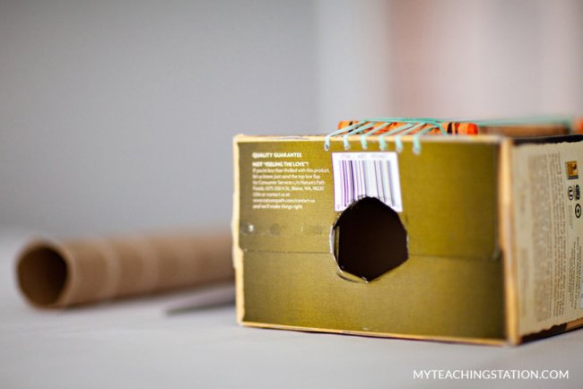 На самом деле, что есть под рукой — то и пригодится. Возьмите картонную коробку (из под хлопьев — подойдет), вырежьте круг посередине. Приклейте гриф, вырезанный из картона или втулку от бумажных полотенец.
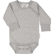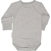 En gråmelerad och vitrandig body i vår populära bambu/bomull. Tre tryckknappar fram vid vänster axel för att enkelt trä över huvudet och tre tryckknappar i grenen. Bodyn är utrustad med vår Extended size vilket innebär dubbla knapprader i grenen så du kan anpassa passformen samt mjuk mudd i ärmslutet som går att vika upp. Detta gör att bodyn passar mycket längre.
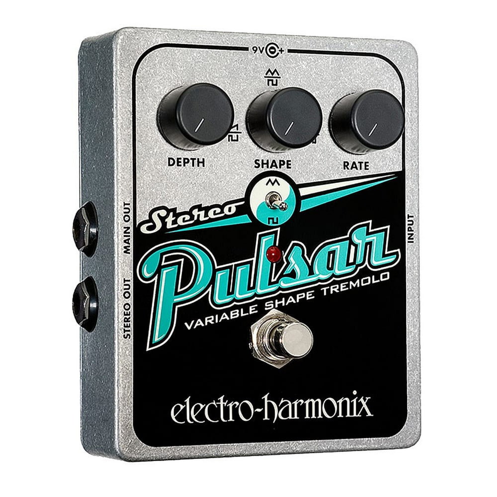 The EHX Stereo Pulsar Stereo Tap Tremolo generates vintage tremolo and panning that will fill any venue with rhythmic stereo energy. Its Wave Form switch allows you to change the modulation from triangle to square form. The Wave Shape control allows you to control transitions from negative to positive saw tooth or adjust pulse width. This all means you can create any type of stereo tremolo from pure vintage to ones never heard before.
-----
--- YOUR GOAL ---
Take the material above and set it down exactly, minus the images.

--- RESULT OF THE EXERCISE ---
 На самом деле, что есть под рукой — то и пригодится. Возьмите картонную коробку (из под хлопьев — подойдет), вырежьте круг посередине. Приклейте гриф, вырезанный из картона или втулку от бумажных полотенец.
 En gråmelerad och vitrandig body i vår populära bambu/bomull. Tre tryckknappar fram vid vänster axel för att enkelt trä över huvudet och tre tryckknappar i grenen. Bodyn är utrustad med vår Extended size vilket innebär dubbla knapprader i grenen så du kan anpassa passformen samt mjuk mudd i ärmslutet som går att vika upp. Detta gör att bodyn passar mycket längre.
 The EHX Stereo Pulsar Stereo Tap Tremolo generates vintage tremolo and panning that will fill any venue with rhythmic stereo energy. Its Wave Form switch allows you to change the modulation from triangle to square form. The Wave Shape control allows you to control transitions from negative to positive saw tooth or adjust pulse width. This all means you can create any type of stereo tremolo from pure vintage to ones never heard before.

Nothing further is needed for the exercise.